Short Communication - (2022) Volume 12, Issue 3
Received: 03-Mar-2022, Manuscript No. jbmr-22-61511;
Editor assigned: 05-Mar-2022, Pre QC No. P-61511;
Reviewed: 20-Mar-2022, QC No. Q-61511;
Revised: 25-Mar-2022, Manuscript No. R-61511;
Published:
30-Mar-2022
, DOI: 10.4172/:2223-5833.2022.12.434
Citation: Sharma, Jyoti. “A Note on Life Cycle Management.” Arabian J Bus Manag Review 12 (2022): 434.
Copyright: © 2022 Sharma J. This is an open-access article distributed under the terms of the Creative Commons Attribution License, which permits unrestricted use, distribution, and reproduction in any medium, provided the original author and source are credited.
Life cycle management is a business management concept used in the industrial and service sectors to improve products and services while also improving the business's and its value chains' overall sustainability performance. Businesses that are ambitious and devoted to lowering their environmental and socioeconomic load while maximising commercial and social value can use life cycle thinking and product sustainability. In this case, life cycle management is employed to attain long-term goals rather than short-term corporate success. Other applications of the phrase "life cycle management" include engineering and manufacturing (product life cycle management) and software development (application life cycle management), as well as buildings, plants, and information management. There is a greater need to define this phrase and its definition [1].
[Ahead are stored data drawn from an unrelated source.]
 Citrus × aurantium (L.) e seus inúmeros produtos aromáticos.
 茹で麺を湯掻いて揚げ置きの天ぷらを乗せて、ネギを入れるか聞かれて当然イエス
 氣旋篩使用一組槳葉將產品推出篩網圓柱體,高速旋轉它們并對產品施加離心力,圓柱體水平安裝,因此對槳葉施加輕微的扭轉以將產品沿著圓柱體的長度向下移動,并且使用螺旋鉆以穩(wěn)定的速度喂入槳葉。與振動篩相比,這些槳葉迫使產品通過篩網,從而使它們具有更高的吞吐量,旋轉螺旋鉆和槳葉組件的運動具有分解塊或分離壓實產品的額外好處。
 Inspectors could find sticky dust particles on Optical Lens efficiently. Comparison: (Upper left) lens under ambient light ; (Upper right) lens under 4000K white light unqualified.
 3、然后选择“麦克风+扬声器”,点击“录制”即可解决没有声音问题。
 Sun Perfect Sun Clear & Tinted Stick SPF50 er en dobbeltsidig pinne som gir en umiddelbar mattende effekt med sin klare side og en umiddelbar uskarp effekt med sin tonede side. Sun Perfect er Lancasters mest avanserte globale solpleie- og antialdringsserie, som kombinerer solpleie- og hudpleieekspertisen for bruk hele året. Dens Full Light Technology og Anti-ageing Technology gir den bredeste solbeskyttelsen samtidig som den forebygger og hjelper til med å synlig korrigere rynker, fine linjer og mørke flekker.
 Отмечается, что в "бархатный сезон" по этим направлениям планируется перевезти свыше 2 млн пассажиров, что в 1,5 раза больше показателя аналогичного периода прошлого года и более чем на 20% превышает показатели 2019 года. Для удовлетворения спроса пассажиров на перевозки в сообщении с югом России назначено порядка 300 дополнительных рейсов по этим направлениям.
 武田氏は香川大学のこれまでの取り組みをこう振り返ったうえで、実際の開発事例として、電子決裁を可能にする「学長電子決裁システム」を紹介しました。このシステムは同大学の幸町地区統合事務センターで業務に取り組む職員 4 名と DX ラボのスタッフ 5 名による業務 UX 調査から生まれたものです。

Understanding the genuine short- and long-term implications of a company activity necessitates having a holistic approach to sustainability. To assess the complete impacts of an activity, product, or service from its beginning to its finish, life cycle thinking has developed as a useful tool in sustainability. This is in contrast to traditional business strategies, which have generally focused on more immediate issues such as cost, quality, and supply chain availability. These factors are still considered in life cycle thinking, but over the course of a product's lifespan. While traditional business methods have paid little attention to disposal expenses, life cycle thinking views disposal as a vital element of the overall process of providing a product or service [2].
LCM is primarily a business management concept for sustainable products that can be used in the industrial and service sectors to improve specific goods and services while also improving the overall sustainability performance of the organisation and its value chains. It allows firms that are ambitious and committed to reducing their environmental and socio-economic burden while maximising economic and social values to put life cycle thinking and product sustainability into practise. In this case, LCM is used for more than just short-term corporate success; rather, it is used to propel businesses forward toward long-term success and long-term value generation. As a result, LCM necessitates a holistic perspective and a thorough grasp of company interdependency in order to enable important decisions and activities that will help firms improve [3].
In a corporate environment, life cycle thinking evaluates business activities from "cradle to grave." The implications of raw material extraction and other inputs are considered first in the cradle to grave process. It takes into account the transit of inputs into the organisation as well as the effects of the transformation process into a valuable product or service that takes place there. It then examines transit from the organisation to the product or service's use and eventual disposal. At each stage of the life cycle, inputs and outputs, such as raw materials and waste, are given special attention. Businesses have established a complex strategy for considering their environmental and social implications called life cycle thinking. Life cycle management is a management philosophy that incorporates a comprehensive life cycle strategy for firms in managing their value chain (LCM). A value chain is a series of interconnected operations that an organisation engages in to provide a product or service, each of which adds value. LCM is a method for organising, assessing, and managing sustainability impacts across the course of a product's, processes, or activity's whole life cycle. LCM can happen at the product or service level, as well as at the corporate level. For example, a corporation might want to manage the life cycle of one of its goods to promote sustainability, or it might want to manage the life cycle of one of its products to improve efficiency [4,5].
When life-cycle-based accounting was first utilised to account for environmental emissions and economic costs connected with various energy systems in the 1960s, life cycle thinking became popular. Three major phases of a life cycle are depicted in the diagram below. The extraction of resources or the effects of factors that serve as inputs to the process are referred to as the cradle. There are inputs and outputs in every company action or process, including water, energy, emissions, and waste. The finished output of the activity is at the gate once it is completed. The gate marks the point at which a business output activity is completed and passes on to the next stage of its life cycle outside of the company. The gate in a tablet PC manufacturer, for example, is when the created tablet is packaged and ready to ship from the plant. The active use phase lasts from the gate until the burial.